Barry Rovner, MD, and colleagues at Thomas Jefferson University (Philadelphia) recruited 188 participants with bilateral AMD into an NIH-funded study on behavior activation. Participants were 84 years of age on average, and 70% were women. Half of the participants lived alone. All had a best corrected vision of less than 20/70. Each had mild depressive symptoms and was considered at risk for developing clinical depression.
Optometrists first evaluated the participants and prescribed low vision devices such as handheld magnifiers. Participants were then randomly split into 2 groups. One received behavior activation. Occupational therapists helped them use the low vision devices, make changes around the home (such as using brighter lights and highlighting objects with high-contrast tape), increase social activities, and set and achieve personal goals by breaking them down into manageable steps. People in the second group met with a support therapist to talk about their vision loss and disability.

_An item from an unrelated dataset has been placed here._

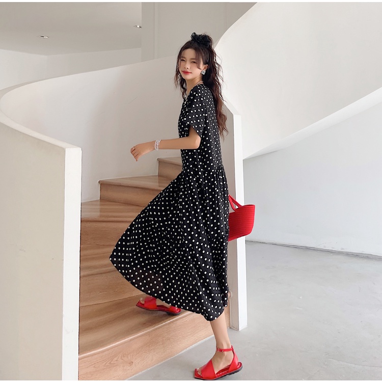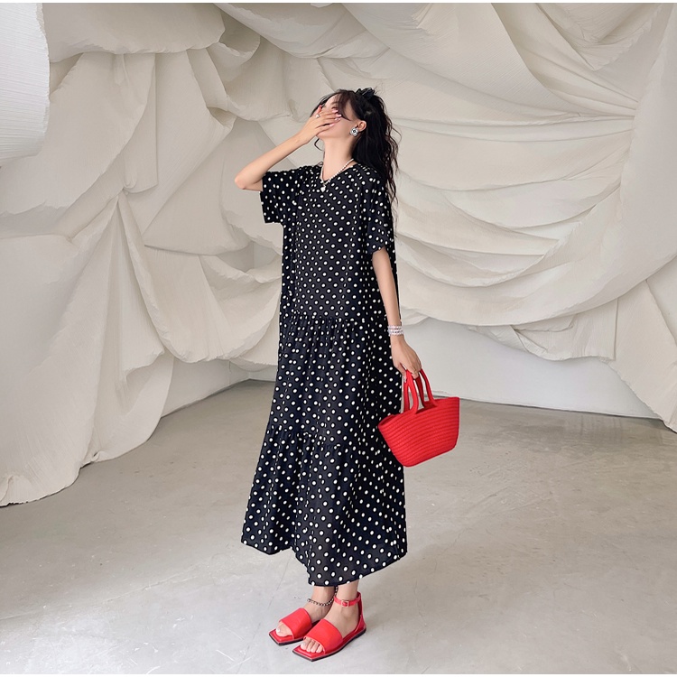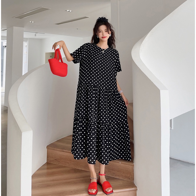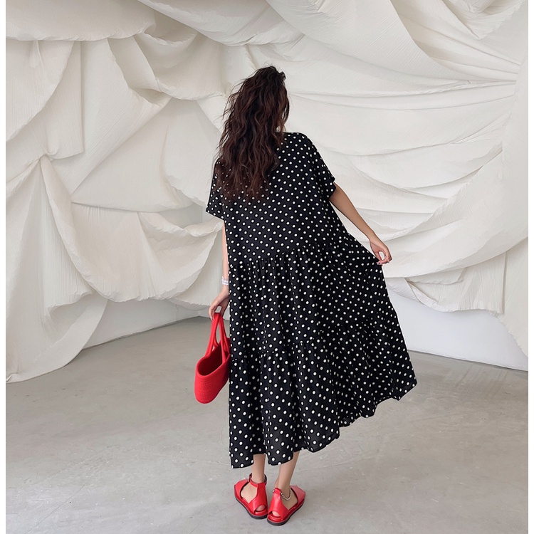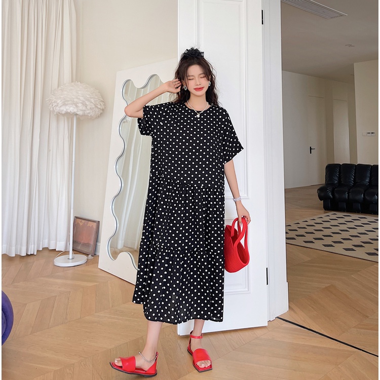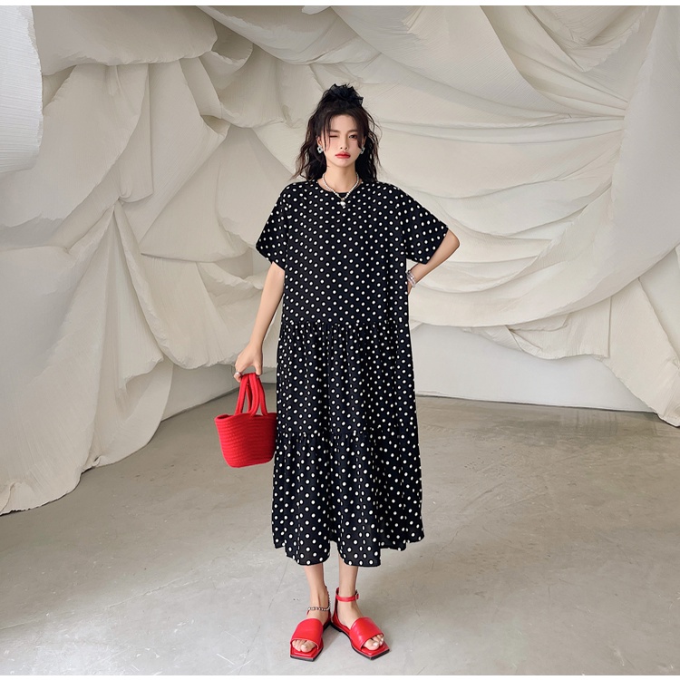 Oladivi Plus Size Women Short Sleeve Fashion Polk Dot Printed Dress 2023 Summer New Casual Loose Oversized Midi Dresses Vintage Ladies Big Tunic Robe L XL XXL 3XL 4XL 9871 F054

Both groups had 6 hour-long therapy sessions in their homes over a 2-month period. They were allowed to take antidepressants, but fewer than 10% did so. By 4 months, 18 in the control group (23.4%) and 11 in the behavior activation group (12.6%) developed clinical depression. Behavior activation had the most benefit for participants with the worst vision (less than 20/100), reducing the risk of depression by about 60% compared to controls. Overall, the researchers estimate that behavior activation reduced the risk of clinical depression by 50% compared to control treatment.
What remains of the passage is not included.